A faithful, complete transcript of the entries below, without pictures, should be returned.

______________________________

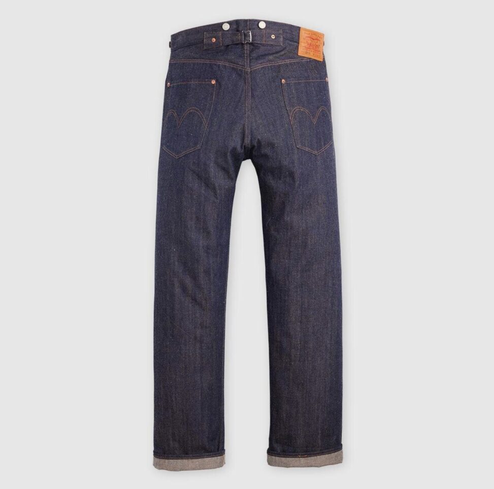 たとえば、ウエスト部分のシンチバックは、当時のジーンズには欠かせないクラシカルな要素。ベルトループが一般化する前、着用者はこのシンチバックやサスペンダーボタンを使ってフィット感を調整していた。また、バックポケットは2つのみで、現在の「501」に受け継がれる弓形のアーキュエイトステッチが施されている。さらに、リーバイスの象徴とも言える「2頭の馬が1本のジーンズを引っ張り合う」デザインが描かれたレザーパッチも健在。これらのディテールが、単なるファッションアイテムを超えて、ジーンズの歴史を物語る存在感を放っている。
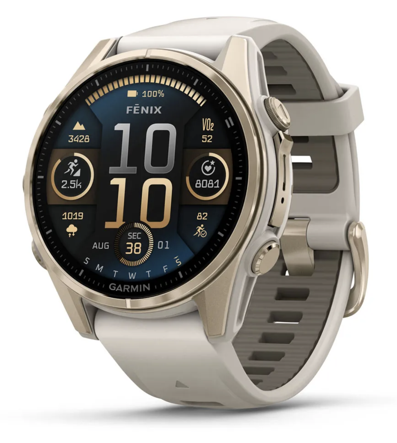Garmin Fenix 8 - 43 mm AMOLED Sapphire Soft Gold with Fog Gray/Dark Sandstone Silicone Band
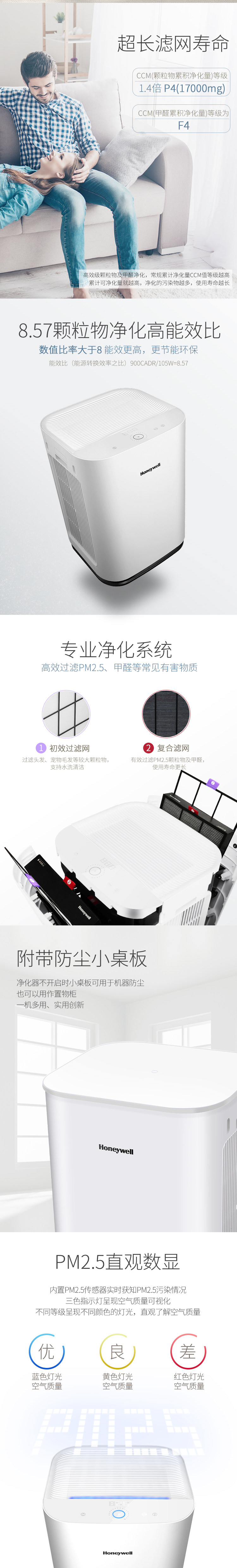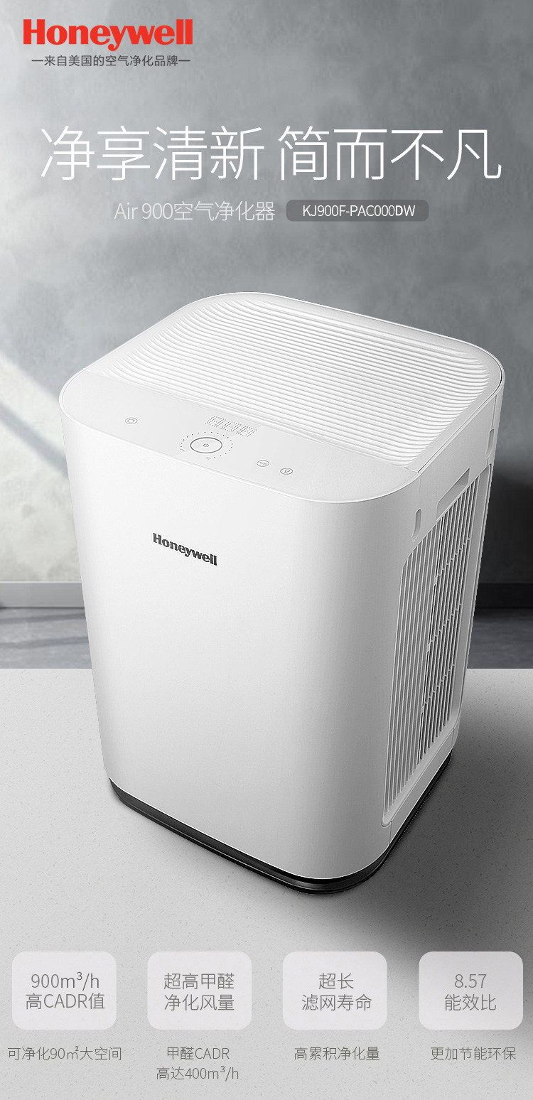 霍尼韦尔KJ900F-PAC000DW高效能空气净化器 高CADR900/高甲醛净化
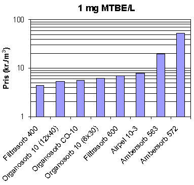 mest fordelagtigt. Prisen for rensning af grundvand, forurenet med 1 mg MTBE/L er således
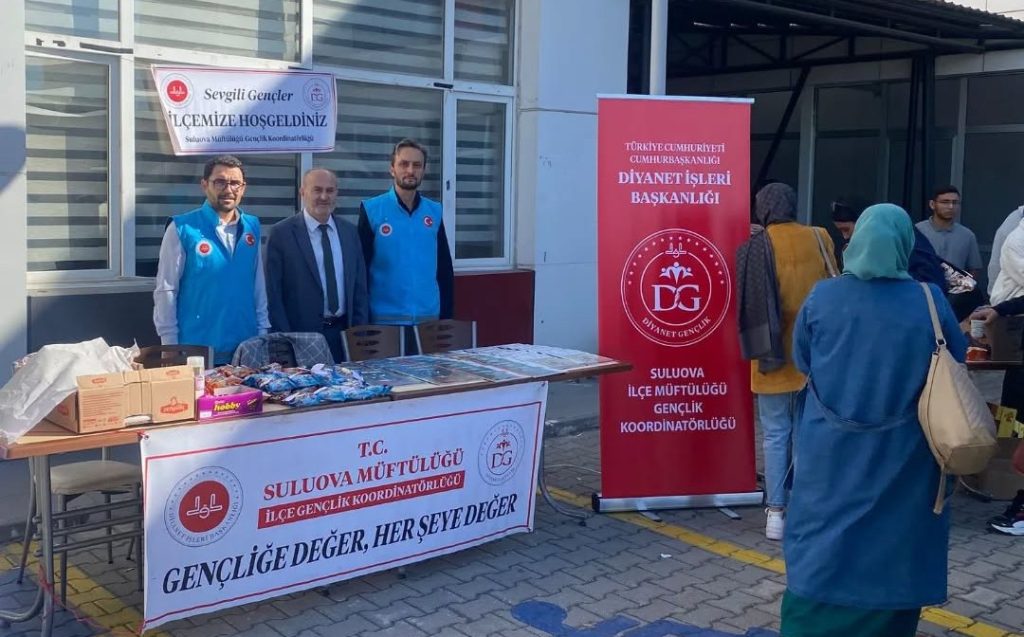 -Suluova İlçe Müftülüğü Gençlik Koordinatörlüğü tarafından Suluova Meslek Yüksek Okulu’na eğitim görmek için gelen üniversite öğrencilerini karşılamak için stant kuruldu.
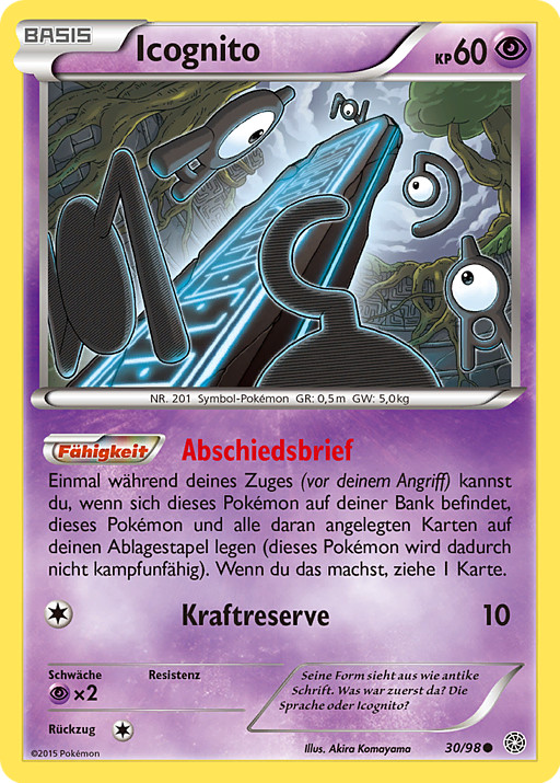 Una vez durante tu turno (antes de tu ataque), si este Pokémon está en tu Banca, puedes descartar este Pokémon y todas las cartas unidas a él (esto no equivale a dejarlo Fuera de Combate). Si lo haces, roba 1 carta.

______________________________

▶ _Exercise response_
 たとえば、ウエスト部分のシンチバックは、当時のジーンズには欠かせないクラシカルな要素。ベルトループが一般化する前、着用者はこのシンチバックやサスペンダーボタンを使ってフィット感を調整していた。また、バックポケットは2つのみで、現在の「501」に受け継がれる弓形のアーキュエイトステッチが施されている。さらに、リーバイスの象徴とも言える「2頭の馬が1本のジーンズを引っ張り合う」デザインが描かれたレザーパッチも健在。これらのディテールが、単なるファッションアイテムを超えて、ジーンズの歴史を物語る存在感を放っている。
Garmin Fenix 8 - 43 mm AMOLED Sapphire Soft Gold with Fog Gray/Dark Sandstone Silicone Band
 霍尼韦尔KJ900F-PAC000DW高效能空气净化器 高CADR900/高甲醛净化
 mest fordelagtigt. Prisen for rensning af grundvand, forurenet med 1 mg MTBE/L er således
 -Suluova İlçe Müftülüğü Gençlik Koordinatörlüğü tarafından Suluova Meslek Yüksek Okulu’na eğitim görmek için gelen üniversite öğrencilerini karşılamak için stant kuruldu.
 Una vez durante tu turno (antes de tu ataque), si este Pokémon está en tu Banca, puedes descartar este Pokémon y todas las cartas unidas a él (esto no equivale a dejarlo Fuera de Combate). Si lo haces, roba 1 carta.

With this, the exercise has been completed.